Yesterday’s post was, in the words of one reader, "dorked up" by some readers and aggregators.  Am working on the problem now. 

tomorrow: subproposition 1.3 more ideas

2 thoughts on “wisdom of clouds II

  1. Tom Asacker

    I’m getting into this whole “cloudiness” thang. And I was with you on people and I’ll probably be there again on ideas, but objects? I don’t think so, and here’s why.

    As you’ve mentioned before, cloudiness is a feeling. It’s a state of mind. And other than dealing with cleaning out the garage or choosing between a few hundred brands of toothpaste, objects rarely cloud one’s thoughts.

    Imagine driving a bus load of children to school. Many are shouting, some are trying to get your attention, and a few have asked you the meaning of Goethe’s last words on his death bed: “More light!”
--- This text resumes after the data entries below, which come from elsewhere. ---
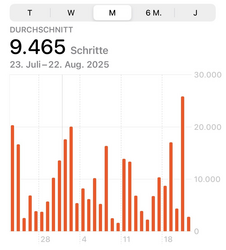 Der Schrittzähler eines I Phones gibt beispielsweise folgende Übersicht:
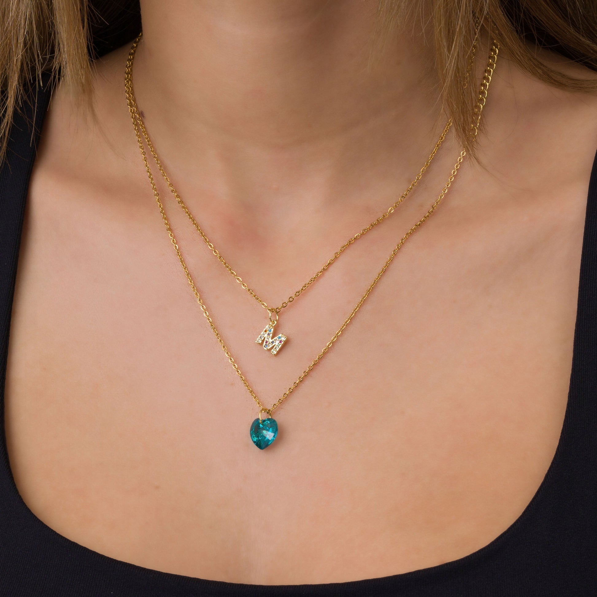 Σετ με καρδούλα κρύσταλλο και μονόγραμμα - Τυρκουάζ
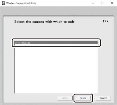 Wählen Sie die Kamera im Wireless Transmitter Utility aus.
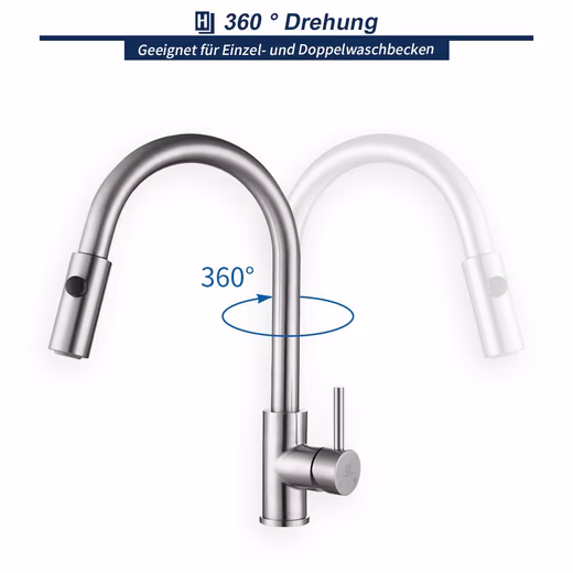 - Greater freedom of movement: 180 mm distance between the spout and the upper spout. The high spout with 360° swivel function offers maximum flexibility.
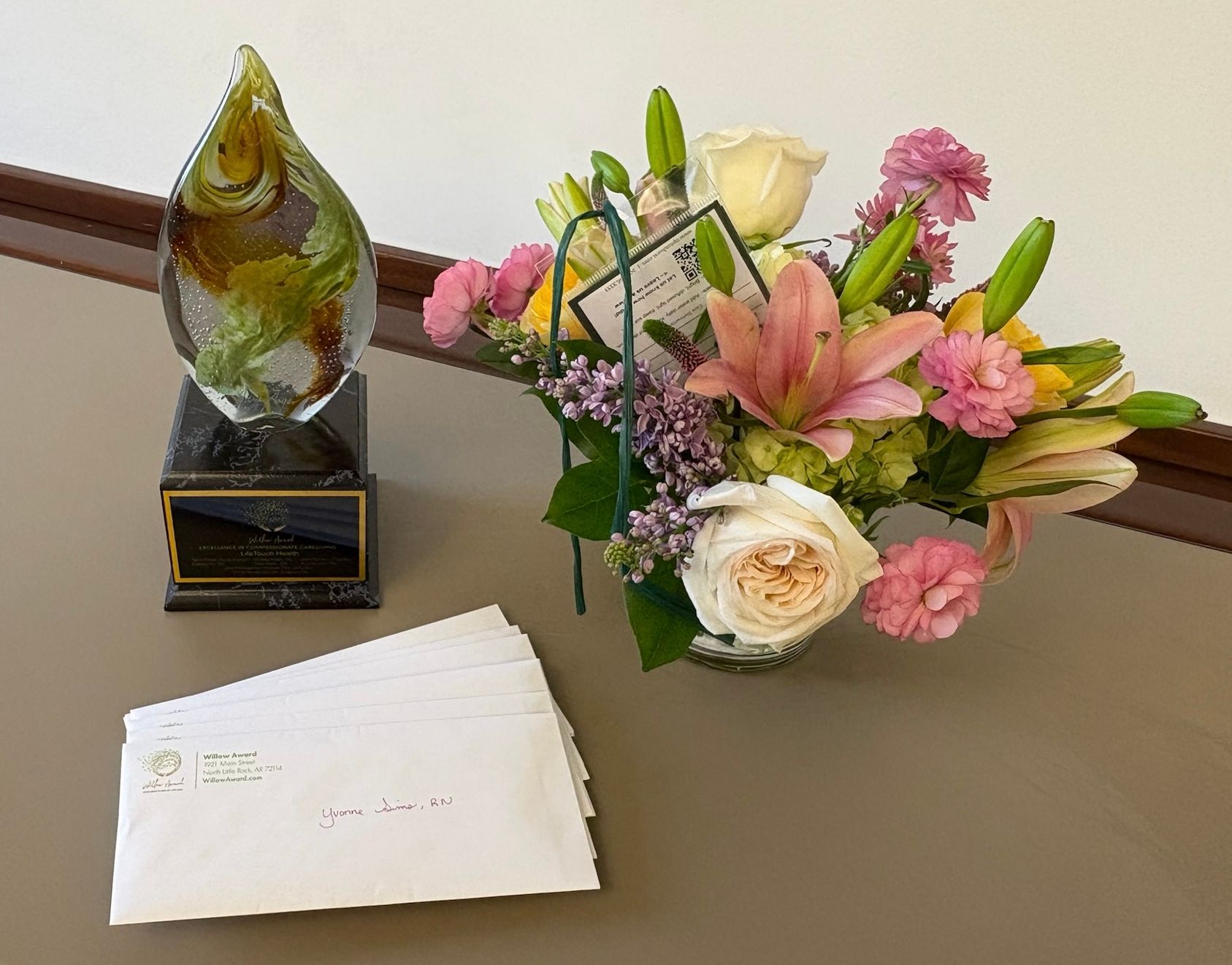 Like a willow tree, a caregiver working in end-of-life care bends to accommodate the needs of their patient and family in their storm. Regardless of the challenges that lie ahead, these caregivers are steadfast and resilient to the very end. Like the pliant Willow tree, they will stand back upright and tall, ready to care for another patient. This award is for them!
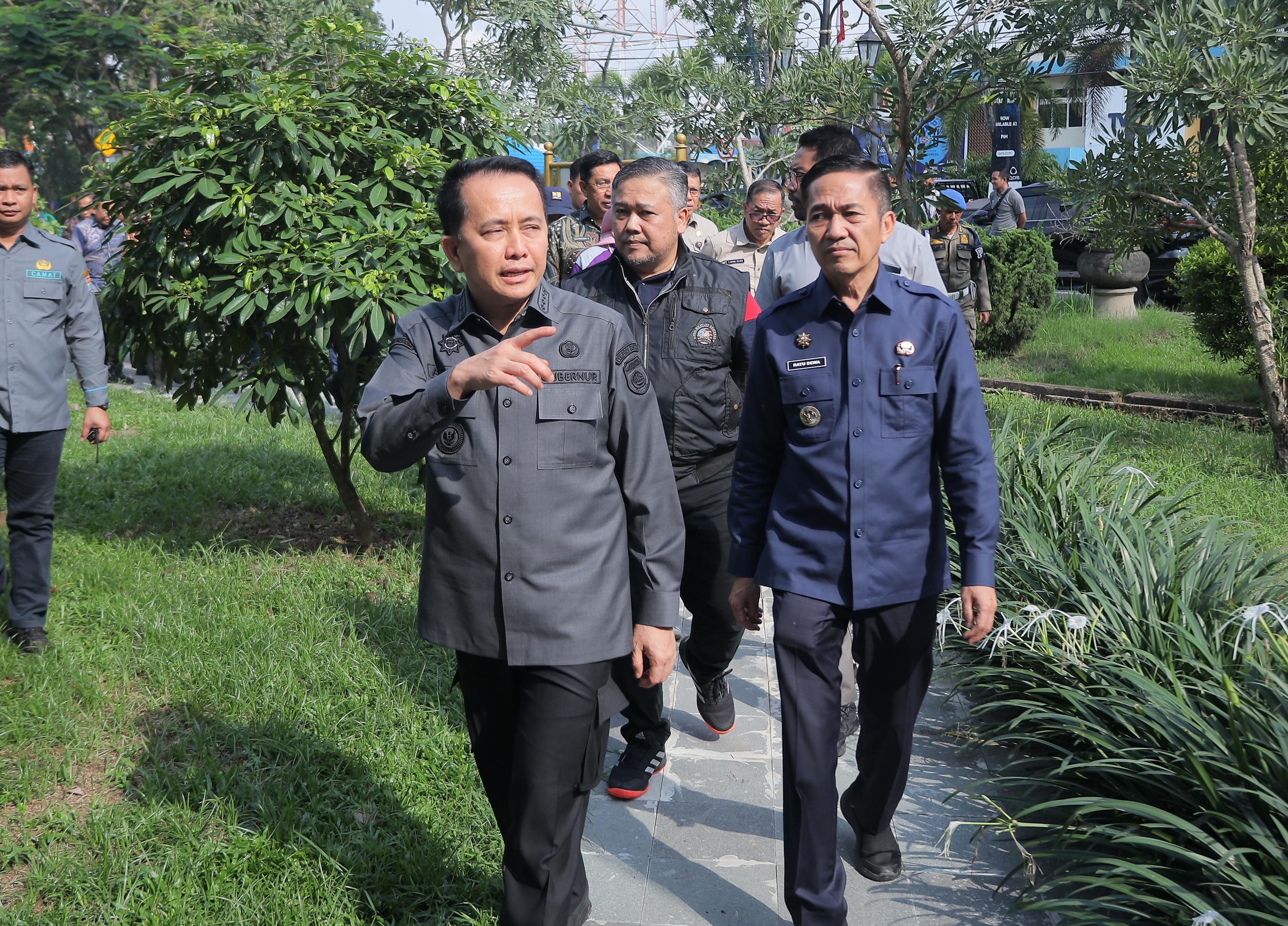 TAK ENAK DIPANDANG : 100 lebih taman kota di Kota Palembang kondisinya tak enak di pandang. Pernyataan itu diungkapkan Pj Wali Kota Palembang Drs H Ratu Dewa MSi usai mendampingi Pj Gubernur Sumsel Agus Fathoni meninjau sejumlah taman dalam Kota Palembang--
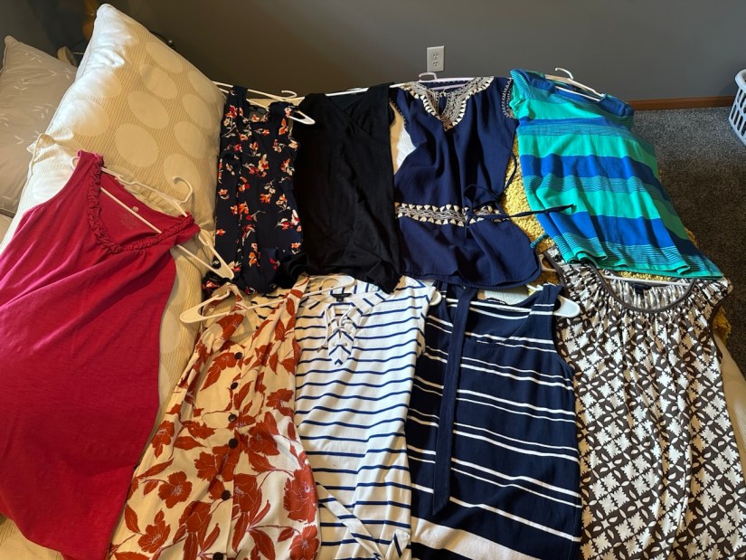 I also pulled out (most) of my summer dresses (which were hanging in a storage closet downstairs)…. o.m.g. I did not realize I had so many!! 😳 Probably did NOT need to buy any new sundresses…. 😂 (But in my defense, some (or at least many) of these dresses are quite old now, and I HAVE worn them many, many times (on vacations). Living in Wisconsin, though, and also living a pretty casual lifestyle, I actually do not wear these dresses very often in my day-to-day life, so even the old ones are still in excellent condition. I guess I was just itching for a couple of new/fresh things…)
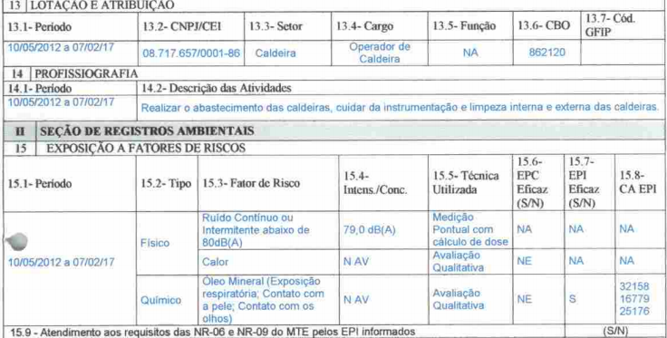 "(...) Para o período de 10/05/2012 a 07/02/2017 consta na CTPS a contratação do autor, como operador de caldeira, pela LOGUS Indústria e Transporte de Produtos Químicos Ltda. Na fase administrativa, o autor apresentou PPP emitido pela empresa com o seguinte teor:
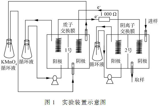 實驗裝置由 2 個雙室 MFC 反應器串聯組成分別為 1 號和 2 號(見圖 1) 。 1 號陰極液為 KMnO4 溶液( pH = 3) ,2 號陰極液為 CuSO4 溶液。 1 號反應器陰陽極由陰離子交換膜( AMI-7001,Membranes Interna-tional Inc. ,USA)分隔開,2 號反應器由陽離子交換膜分隔開( CMI-7000, Membranes International Inc. ,USA) 。
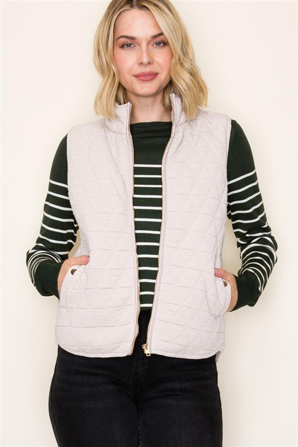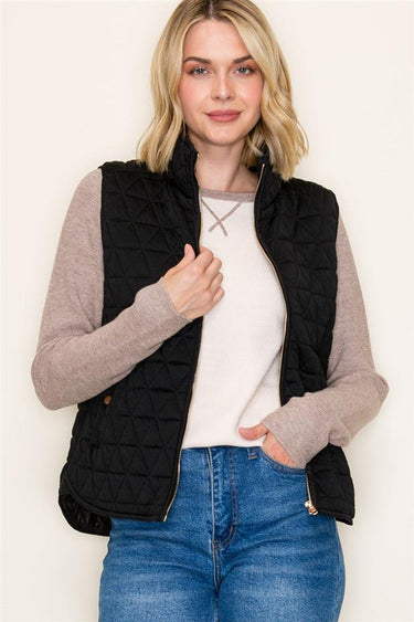 Quilted Knit Gold Zip Puffer Vests - 2 Colors!
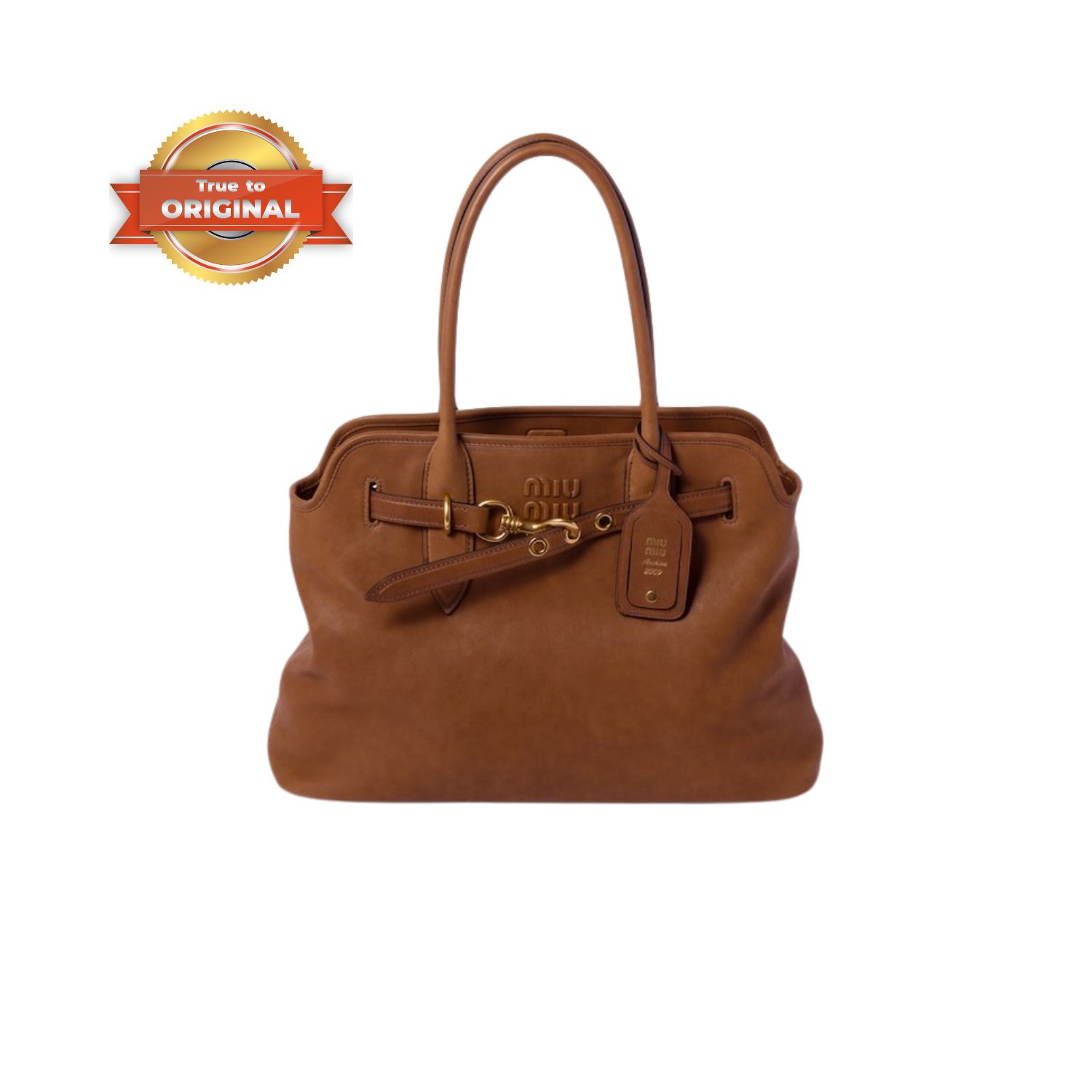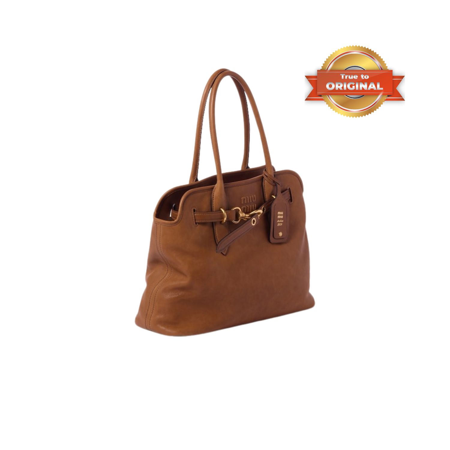 [True-to-ORIGINAL] Miu Miu Aventure Nappa Leather Bag Oak For Women 31cm/12in - 5BG291_2BBL_F0316_V_OOO

    Clouddddy! But all of the stuff on the bus – whether theirs or yours – is having little effect on your brain. You simply deal with the stuff at your immediate disposal, and the stuff relevant to the particular task at hand, and the rest becomes inconsequential. Right? Or am I missing something?

  2. coleman

    The fallacy in the original thesis is what makes this interesting and ironic; it’s called begging the question. Cloudier than what is the first response? But the argument is interesting and appeals to the radical critique of the advertising system and the transformation or even transmogrification of the industrial society into the consumer society, the society in which the problem of production has been solved, and the new problem, the new economic imperative of every firm, every state, is to produce the desire to consume all this stuff. It makes us cloudier. Debord called this the soceity of the spectacle.